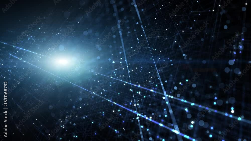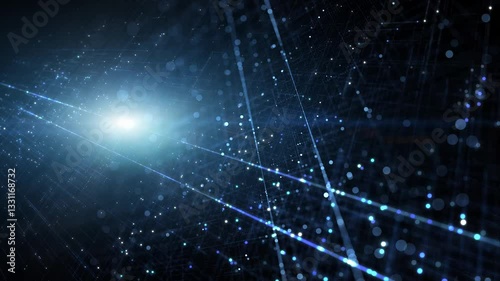 Wall mural : Shiny abstract digital technology network lines and dots loop copy space motion background -
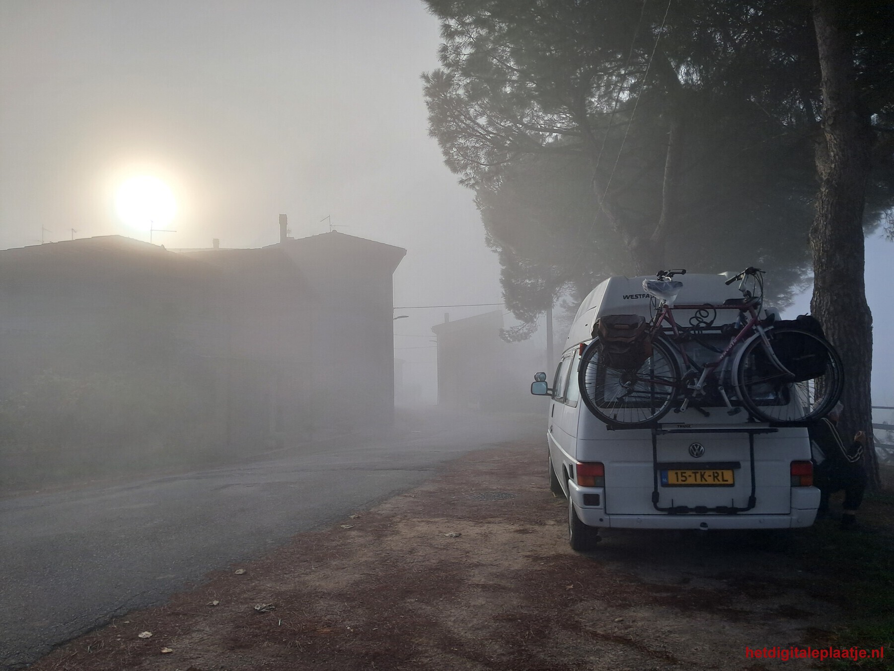 - Toelichting: We hadden een heerlijke slaapplek in een gehuchtje in Italië. Met uitzicht op het meer, en bij het wakker worden weinig zicht dus. Maar dit heeft ook wat.
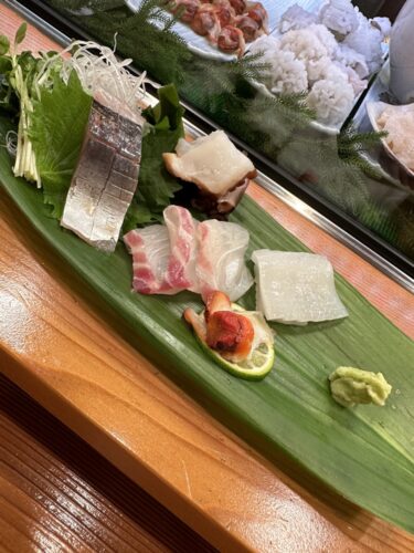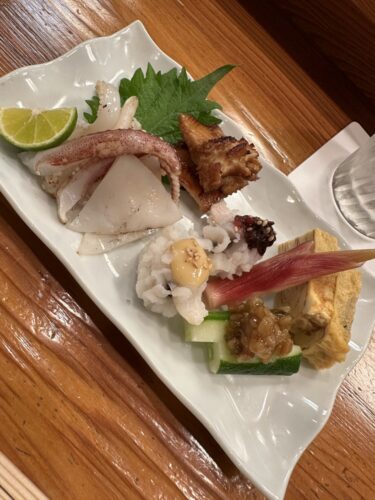 あまりこの盛り合わせを見たことがないです。私たちがよく食べるので作ってくださったのかな?玉子、アナゴ、イカゲソ、はも、きゅうりというラインナップ!最近いいアナゴが手に入らないって大将行っていましたがこの日は大きくて満足いくアナゴが手に入ったそうです。

**What you are asked to do:**
Repeat the listing verbatim, pictures excluded.

**Expected answer:**
 Wall mural : Shiny abstract digital technology network lines and dots loop copy space motion background -
 - Toelichting: We hadden een heerlijke slaapplek in een gehuchtje in Italië. Met uitzicht op het meer, en bij het wakker worden weinig zicht dus. Maar dit heeft ook wat.
 あまりこの盛り合わせを見たことがないです。私たちがよく食べるので作ってくださったのかな?玉子、アナゴ、イカゲソ、はも、きゅうりというラインナップ!最近いいアナゴが手に入らないって大将行っていましたがこの日は大きくて満足いくアナゴが手に入ったそうです。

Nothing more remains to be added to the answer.